Sometimes, a community seeks a campus.
"We were asked by the city and the county if Rutgers could serve as a polling place for the city of Camden, and we readily agreed," said Rutgers-Camden spokesperson Mike Sepanic.
Other times, it's the college. Muhlenberg had been unhappy that students waited hours at its assigned polling place, a local high school, said Michele Moser Deegan, a political science professor. So professors at the Allentown college developed a relationship with the county election board, supplied students to work the polls, and successfully lobbied to get on-campus polls.
Student voter participation varies widely by campus. Some cast absentee ballots at home; others register at their campus address and vote locally.

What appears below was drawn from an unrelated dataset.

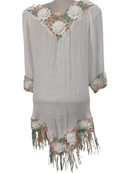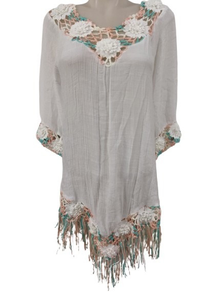Női fehér horgolt betétes rojtos aljú blúz, strandruha, tunika, one size - ÚJ
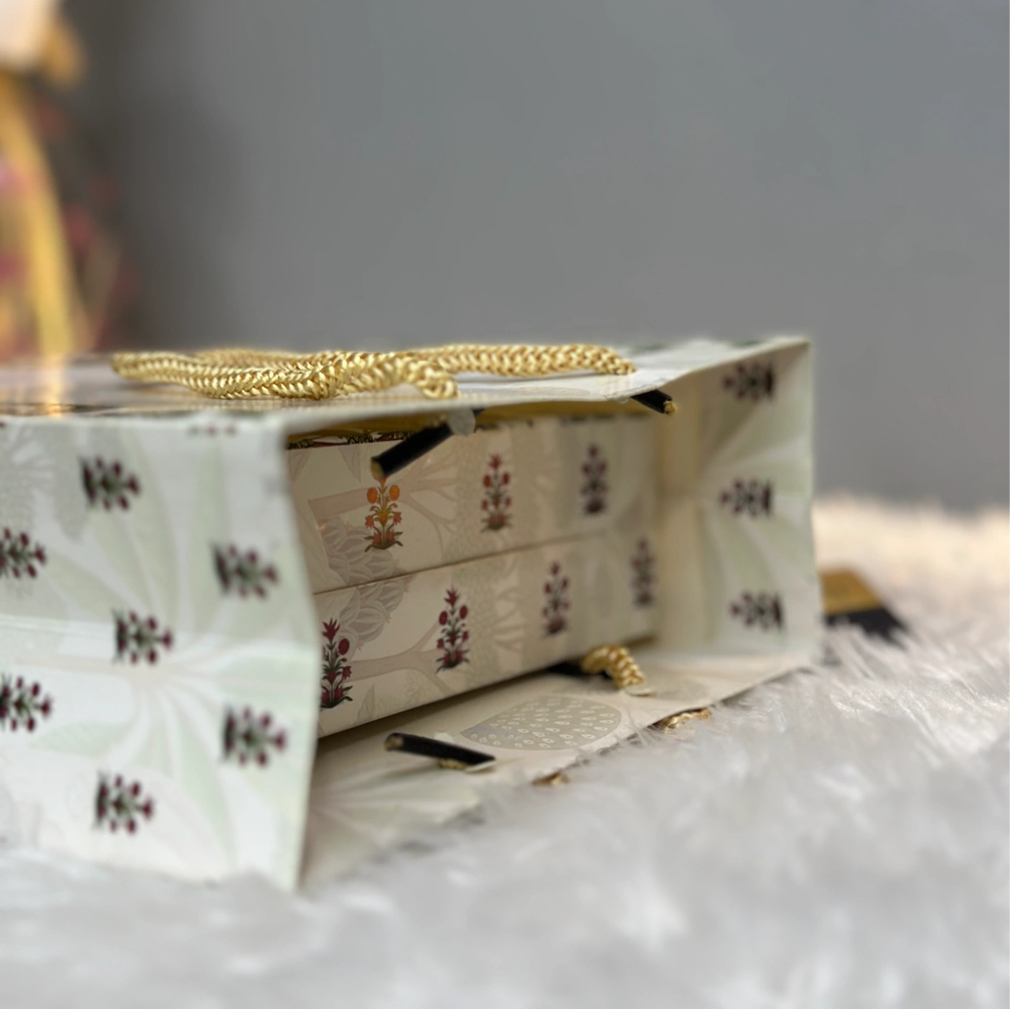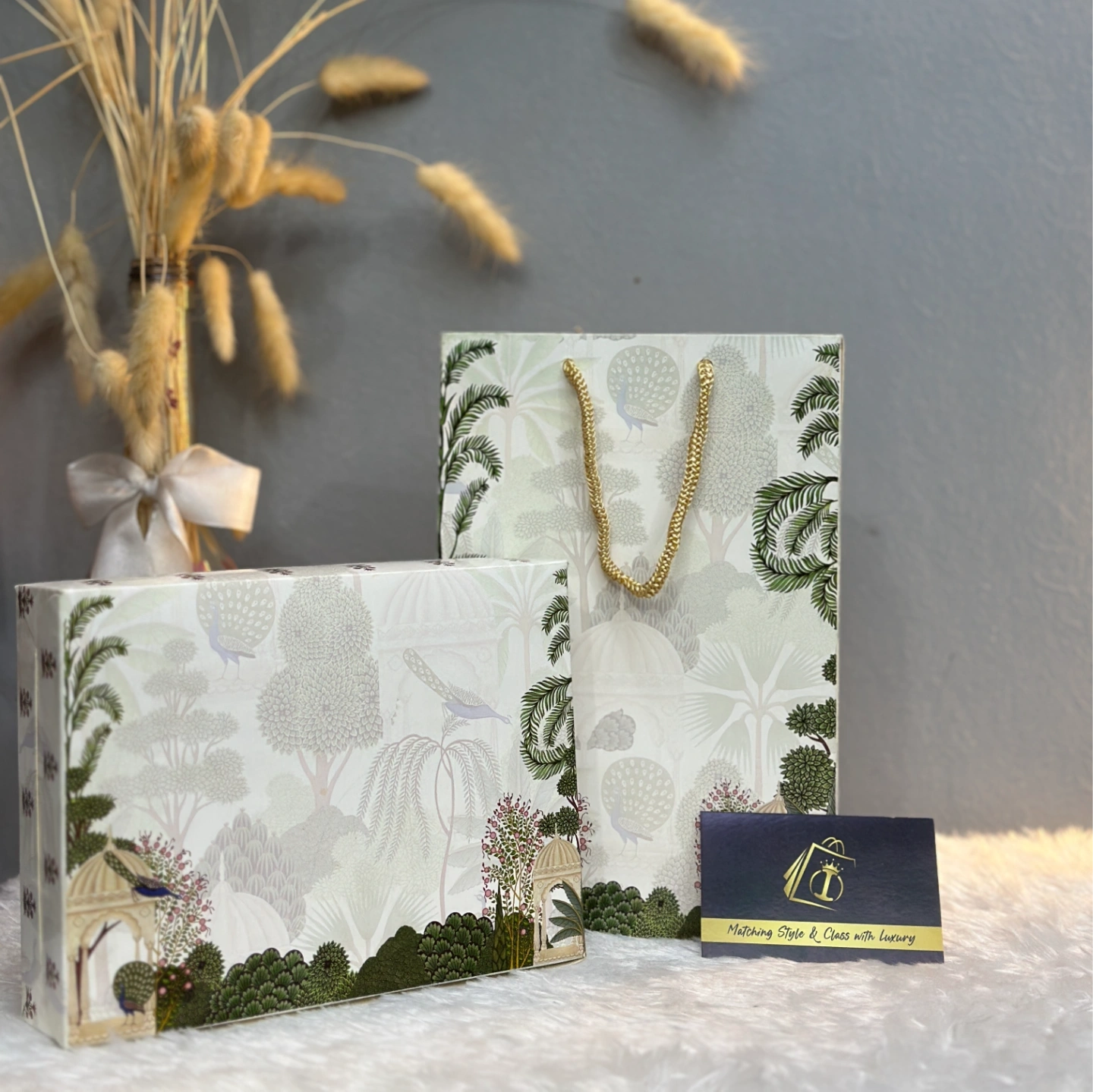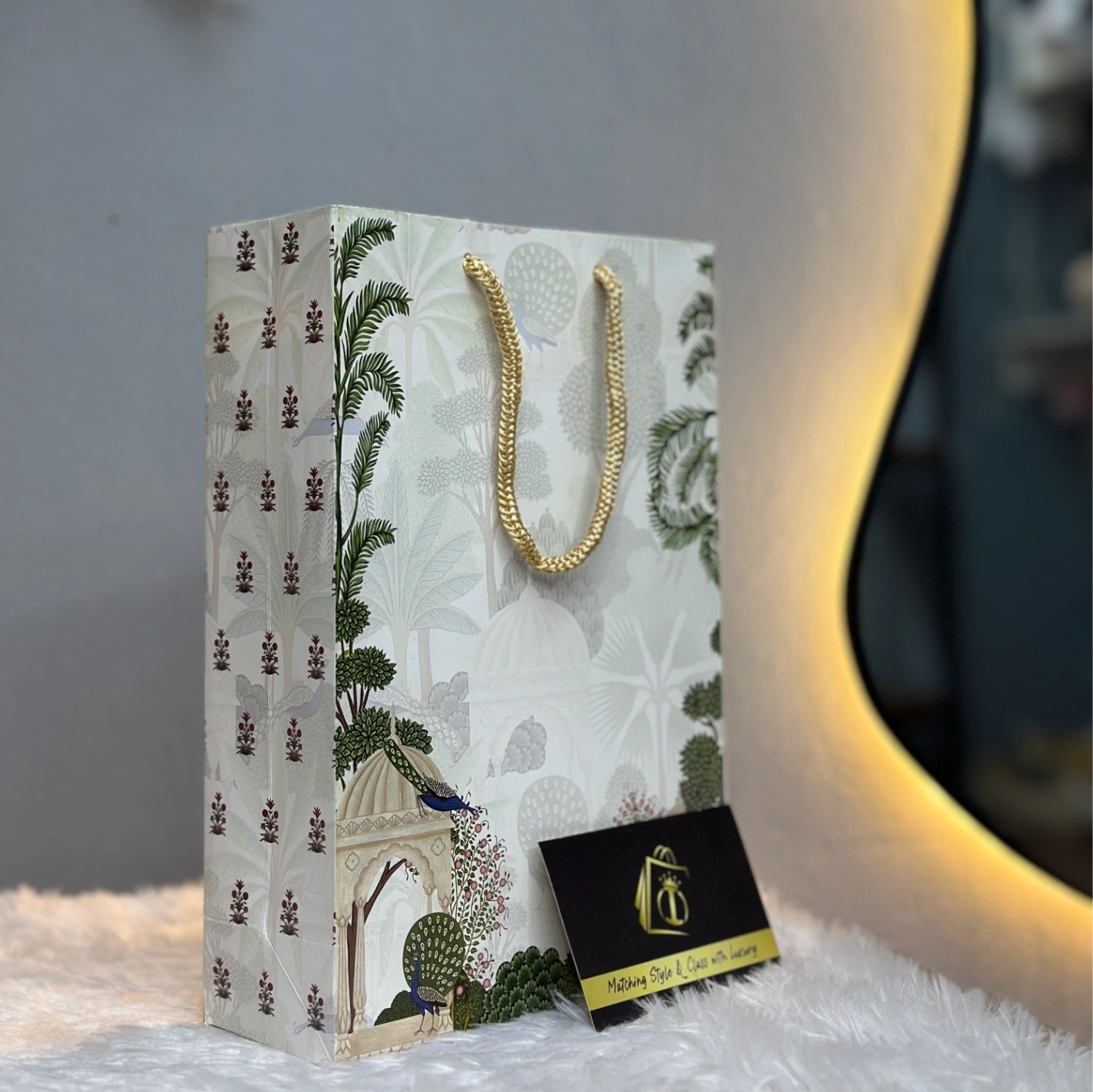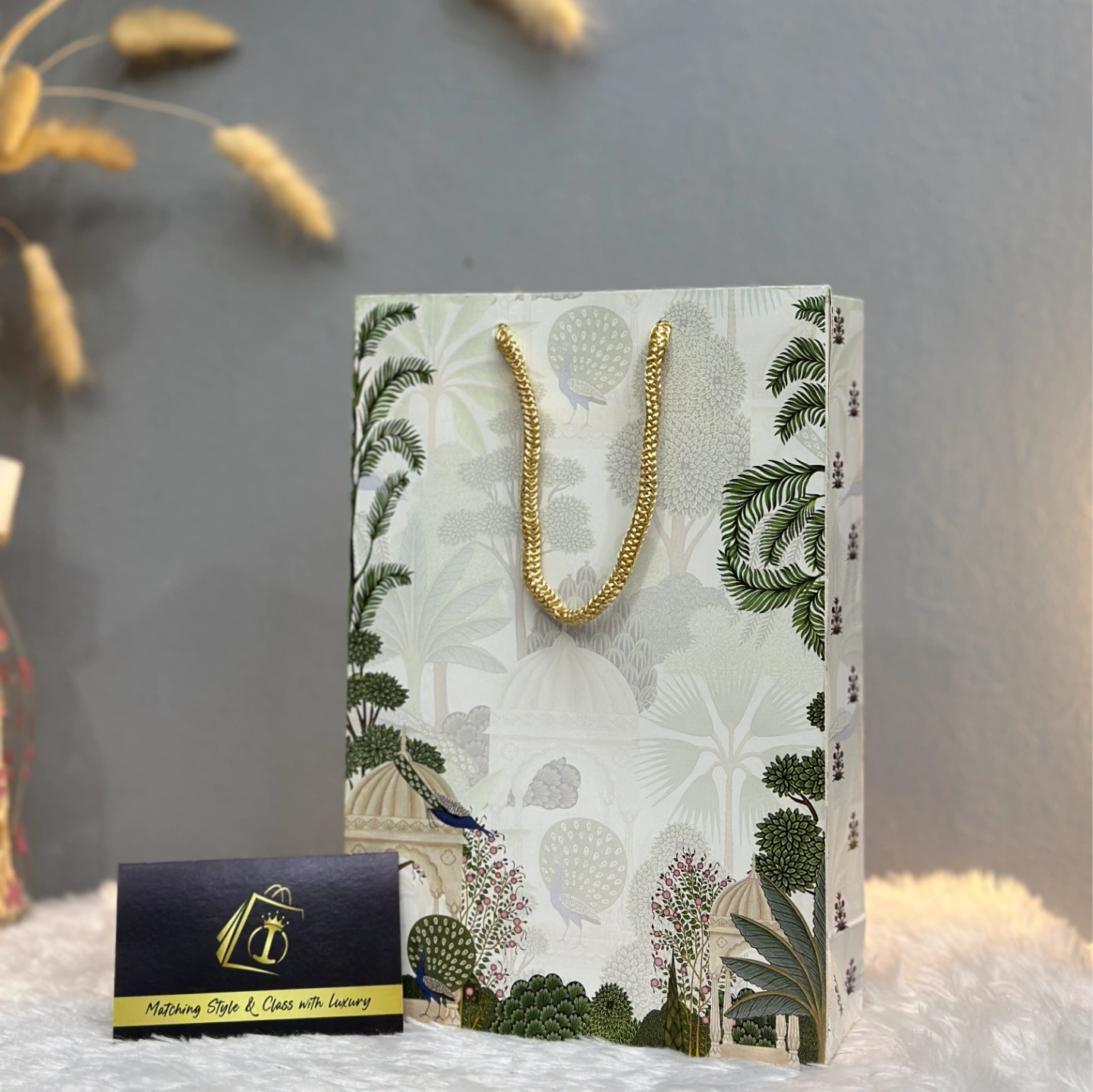 A tall, slender gift bag showcasing a vintage-inspired tropical print. The design features peacocks and arched architecture in muted greens and creams, accented by gold rope handles.

In the 2016 presidential election, nearly 89 percent of the 589 Haverford students registered locally voted, said Zach Oberfield, an associate professor of political science. Turnout was smaller in the 2017 general election and 2018 primary.
But Haverford faculty and students who have pushed for on-campus voting believe it could grow.
Benjamin Roodman, 18, a freshman, who registered to vote at Haverford, said he would "be slightly less certain" he'd vote if he had to travel to Coopertown Elementary.
"I would definitely feel more engaged if it was here on campus," said Roodman, of Washington, D.C.
The move would make it easier for residents, too, said Maggie Wright, 68, a Democratic committeewoman who lives in the precinct.
"We could walk," she said. "Right now, we have to drive."
The college currently runs shuttles, but it means students who have heavy academic loads must commit an hour or more to ride, vote, and return.
Delaware County political battle
Haverford's most recent round of efforts to bring a poll to campus began in 2017 when the college supported a proposal to use the nearby Haverford Friends Meeting House. The election board rejected it, citing lack of parking and traffic on Buck Lane Road. Last September, the college offered its gymnasium and garnered support for the move from the two local neighborhoods — Haverford Village and Valley View — that are in the precinct; the board said parking, 148 yards away, wasn't close enough to the entrance and voters would have to cross a 13-mph campus road with speed bumps.
The 1,300-student college countered by offering golf-cart service and an officer to direct traffic.
Still, the proposal was rejected.
Haverford officials hope a new application, which would relocate the poll to the campus facilities building with closer parking and no road to cross, will be approved when the board meets later this month.
"This change," Kim Benston, president of Haverford, wrote to the board, "will serve not only the majority of the voters in the 5-3 precinct, who are students at Haverford College, but also non-student voters whose experience the college guarantees will be easy and pleasant."
The election board has been mum. Laureen T. Hagan, chief clerk of the Bureau of Elections, said it wouldn't be appropriate for the board "to comment … on any matters currently pending before the board."
Last November, two Democrats won seats on the county council. But the GOP-controlled council rejected their suggested nominees for chairman of the election board, which under the home-rule charter goes to the party with the most votes in the previous election. Instead, it installed a registered Democrat who is a former Republican Party municipal leader.
In May, the election board tabled Haverford's latest proposal after the new chairman expressed concerns.
Democratic County Councilman Brian Zidek said the Haverford request is being held hostage in a political power play and should be approved.
"We want to make it easier for people to vote," he said, "whether they're 18 or 80."